Canada Pulls Out Of Kyoto Protocol
13 December, 2011
Canada has pulled out of the Kyoto protocol on climate change, one day after an update was agreed on, saying the accord won't work.
The protocol "does not represent a way forward for Canada" and would have forced it to take "radical and irresponsible choices", Peter Kent said in Toronto, on Monday.
He added that it was a mistake for Canada to have signed up for Kyoto: "As we've said, Kyoto for Canada is in the past ... We are invoking our legal right to formally withdraw from Kyoto."
"The Kyoto protocol does not cover the world's two largest emitters, China and the US and therefore cannot work," he said.
Kent added that he would be formally advising the United Nations of his country's intention to withdraw.
Megan Leslie, environment spokesperson for Canada's opposition New Democratic Party said the government was abdicating its international responsibilities.
"We all knew the rumours. We all heard the reports that Canada planned to withdraw from Kyoto, and so today we actually saw it laid out before us," she said.
'Kyoto is the past'
The move does not come as a surprise, especially since Kent said last month that "Kyoto is the past".
He said the cost of meeting Canada's obligations under Kyoto would cost $13.6bn.
"That's $1,600 from every Canadian family; that's the Kyoto cost to Canadians.

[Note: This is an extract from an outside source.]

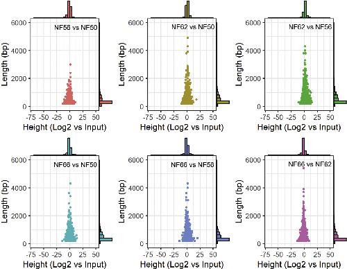 Supplemental Fig. 8. Comparisons of length and height of differentially methylated regions (DMRs) at six pairwise developmental stage comparisons. Shown are scatter plots with height (x-axis) and length (y-axis) of DMRs. Histograms showing the distribution of peak height and length are also shown. The DMR heights are log2 fold-height values of the first stage (A) relative to the second stage (B). For instance, a value of -2 means for a DMR in NF56 vs. NF50 means the DMR is log2-fold (or 4-fold) lower in NF56 than NF50, suggesting that demethylation occurred from NF50 to NF56 for that DMR. The lengths and heights of the DMRs are not very different between developmental stages; however, there is a shift in DMR height toward demethylation in the NF56 vs. NF50 comparison, methylation in the NF62 vs. NF56 comparison, and demethylation in the NF 66 vs. NF62 comparison as can be seen in the histograms at the top of each of these panels. |

That was the legacy of an incompetent liberal government," he said.
The right-of-centre Conservatives took power in 2006 and made clear they would not stick to Canada's Kyoto commitments.
Canada's delegation said little during recent climate talks in South Africa where countries agreed to extend the Kyoto protocol and hammer out a new deal to force big polluters to cut greenhouse emissions.
Canada has said it backs a new global deal to cut emissions of greenhouse gases, but insists it has to cover all nations,
including China and India, which are not bound by Kyoto's current targets.
Canada's former Liberal government signed up to Kyoto, which obliged the country to cut emissions to six per cent below 1990 levels by 2012. By 2009, emissions were 17 per cent above the 1990 levels.
The decision to quit will not help the international reputation of the North American country, a major energy producer which critics say is becoming a climate renegade.